■ **Task to complete**:
Below is a listing. Quote from it, exactly, the lines from the one containing "Концерт до дня" down to the one containing "und Michaelerkirche |", both ends included, and nothing else.

■ **Records provided**:
━━━━━━━━━━━━━━━━
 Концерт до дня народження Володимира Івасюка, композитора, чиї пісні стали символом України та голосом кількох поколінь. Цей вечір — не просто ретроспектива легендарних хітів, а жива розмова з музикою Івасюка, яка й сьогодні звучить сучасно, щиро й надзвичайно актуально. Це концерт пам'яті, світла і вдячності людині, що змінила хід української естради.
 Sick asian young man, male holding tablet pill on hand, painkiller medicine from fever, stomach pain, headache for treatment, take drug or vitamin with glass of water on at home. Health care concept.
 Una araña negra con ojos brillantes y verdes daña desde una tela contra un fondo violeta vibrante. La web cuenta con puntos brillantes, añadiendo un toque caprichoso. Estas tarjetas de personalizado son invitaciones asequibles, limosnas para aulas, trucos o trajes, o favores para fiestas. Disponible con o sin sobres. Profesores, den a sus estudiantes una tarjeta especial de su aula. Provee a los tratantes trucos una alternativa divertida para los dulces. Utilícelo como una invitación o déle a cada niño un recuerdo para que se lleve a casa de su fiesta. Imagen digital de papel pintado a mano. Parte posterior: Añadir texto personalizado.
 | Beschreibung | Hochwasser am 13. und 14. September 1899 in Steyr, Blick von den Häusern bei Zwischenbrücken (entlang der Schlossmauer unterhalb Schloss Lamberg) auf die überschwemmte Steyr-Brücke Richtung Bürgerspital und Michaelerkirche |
━━━━━━━━━━━━━━━━
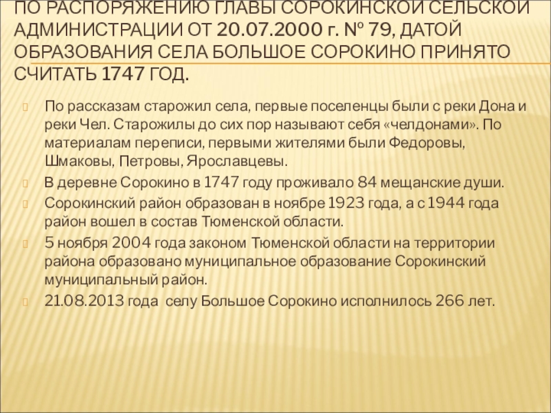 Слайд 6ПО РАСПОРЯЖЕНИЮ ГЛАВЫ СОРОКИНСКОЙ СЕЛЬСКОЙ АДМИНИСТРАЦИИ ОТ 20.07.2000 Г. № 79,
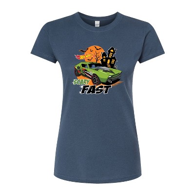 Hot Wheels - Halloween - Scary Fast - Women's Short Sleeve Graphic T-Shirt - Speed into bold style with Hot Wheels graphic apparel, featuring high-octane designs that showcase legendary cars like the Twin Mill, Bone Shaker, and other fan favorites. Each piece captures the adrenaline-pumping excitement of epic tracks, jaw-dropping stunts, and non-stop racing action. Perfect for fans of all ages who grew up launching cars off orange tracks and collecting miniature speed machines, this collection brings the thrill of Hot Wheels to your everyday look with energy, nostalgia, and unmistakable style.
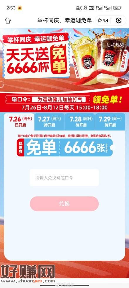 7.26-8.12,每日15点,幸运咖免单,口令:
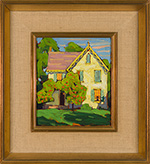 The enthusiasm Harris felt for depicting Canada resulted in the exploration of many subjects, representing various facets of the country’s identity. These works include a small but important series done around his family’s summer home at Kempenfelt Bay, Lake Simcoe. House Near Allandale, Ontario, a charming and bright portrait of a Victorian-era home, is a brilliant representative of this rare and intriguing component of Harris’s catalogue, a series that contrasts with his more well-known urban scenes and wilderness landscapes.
━━━━━━━━━━━━━━━━
■ **Solution to this task**:
 Концерт до дня народження Володимира Івасюка, композитора, чиї пісні стали символом України та голосом кількох поколінь. Цей вечір — не просто ретроспектива легендарних хітів, а жива розмова з музикою Івасюка, яка й сьогодні звучить сучасно, щиро й надзвичайно актуально. Це концерт пам'яті, світла і вдячності людині, що змінила хід української естради.
 Sick asian young man, male holding tablet pill on hand, painkiller medicine from fever, stomach pain, headache for treatment, take drug or vitamin with glass of water on at home. Health care concept.
 Una araña negra con ojos brillantes y verdes daña desde una tela contra un fondo violeta vibrante. La web cuenta con puntos brillantes, añadiendo un toque caprichoso. Estas tarjetas de personalizado son invitaciones asequibles, limosnas para aulas, trucos o trajes, o favores para fiestas. Disponible con o sin sobres. Profesores, den a sus estudiantes una tarjeta especial de su aula. Provee a los tratantes trucos una alternativa divertida para los dulces. Utilícelo como una invitación o déle a cada niño un recuerdo para que se lleve a casa de su fiesta. Imagen digital de papel pintado a mano. Parte posterior: Añadir texto personalizado.
 | Beschreibung | Hochwasser am 13. und 14. September 1899 in Steyr, Blick von den Häusern bei Zwischenbrücken (entlang der Schlossmauer unterhalb Schloss Lamberg) auf die überschwemmte Steyr-Brücke Richtung Bürgerspital und Michaelerkirche |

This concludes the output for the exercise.